A PARANOIC’S GUIDE TO THE GALAXY

There are more things in heaven and earth, Horatio, than are dreamt of in your philosophy. – William Shakespeare, Hamlet.    

In Oxford University, there was a wall that permitted graffiti.

 “Panic Calmly” was one. But the standout was this question: “Is there intelligent life on earth?” Below,  someone had scribbled: “Yes, but I’m only visiting.”

For decades, man has wondered if we’re alone in space. To that effect, we’ve sent out prayers, hints, signals, probes, even rocket-ships to find out if there’s anyone else out there.

Our eureka moment finally arrived Monday last. A Cambridge team studying the atmosphere of a planet called K2-18b detected signs of molecules that, on Earth, are only produced by living organisms.

It’s the second time chemicals associated with life were detected in the planet’s atmosphere by Nasa’s James Webb Space Telescope. 

Being a nit-picking breed, however, the scientists stressed that

more data was needed for an outright Yahoo.

According to its lead researcher, Prof Nikku Madhusudhan,

“This is the strongest evidence yet that there’s possibly life out there.” 

K2-18b is over twice the size of Earth and is 700 trillion miles, or 124 light years, away. It’s a distance far beyond what any human can travel in a lifetime – barring, of course, new discoveries like “warp-speed” of Star Trek fame.  

You’d need something like that to explore the Milky Way, let alone the universe. 

K2-18b is in the Milky Way galaxy which is our home as well. English astrophysicist Brian Cox, however, believes Earth has the only  “civilisation” in the neighbourhood, the one “island of meaning” in the galaxy.

But it’s a meaning according to us, man.  Couldn’t there be some other meaning, a “universal” one if you like? That would be bringing in God, which, apparently,  clouds everything. 

“We operate as if we are it and there‘s nothing else,” asserts the God-denying Mr Cox cheerfully. No lightning bolt has struck him yet. Who’s to say he’s wrong?

Who’s to say he’s right either?

Who the hell knows

Scientists like Cox think we’re alone in our galaxy because of the so-called Fermi Paradox – an advanced civilisation would have surely written their presence across the skies for the “idiots”(us) to recognise by now. 

It’s a debatable point.

There are human tribes in North Sentinel Island off India, for example, who are so cut off from modern civilisation that we let them be. Similarly, there could be advanced ETs out there who are so appalled by our behaviour – wars, pollution, crime, stupidity, Trump, etc – that they give us a wide berth but watch us anyway to protect us from ourselves. 

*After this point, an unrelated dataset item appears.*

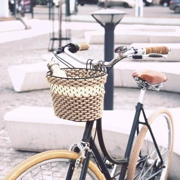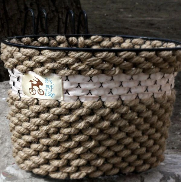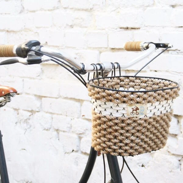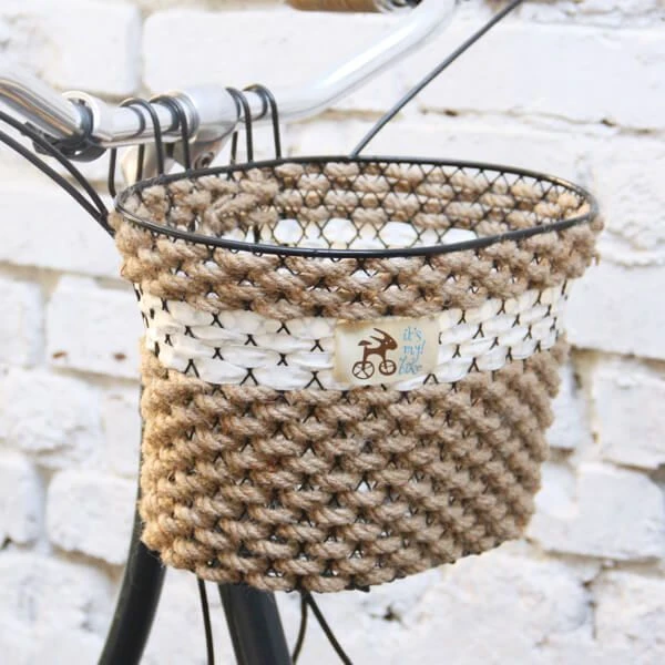 Прекрасная велосипедная корзина на руль с алюминиевой основой и прочным канатом.

The sheer numbers in the heavens make ETs statistically plausible. There are an estimated 100 billion stars in the Milky Way alone. So, assuming each star has at least one “Earth” in its orbit, there could be at least a billion Earths out there. 

Given those numbers, the thought that we’re the only smarties in the galaxy seems strange. 

And the Milky Way is only one galaxy. Even Cox concedes that   civilisations are likely to exist in other galaxies. 

How many galaxies there are in the universe is unknown but US astrophysicist Michio Kaku estimates there could be at least 100 billion.

And those estimates are courtesy of the James Webb telescope. Which means it’s an underestimate because the instrument reaches only so far. 

The math, the statistics almost surely suggest one thing.

They are out there, they are watching us, and ET’s phoned home many times.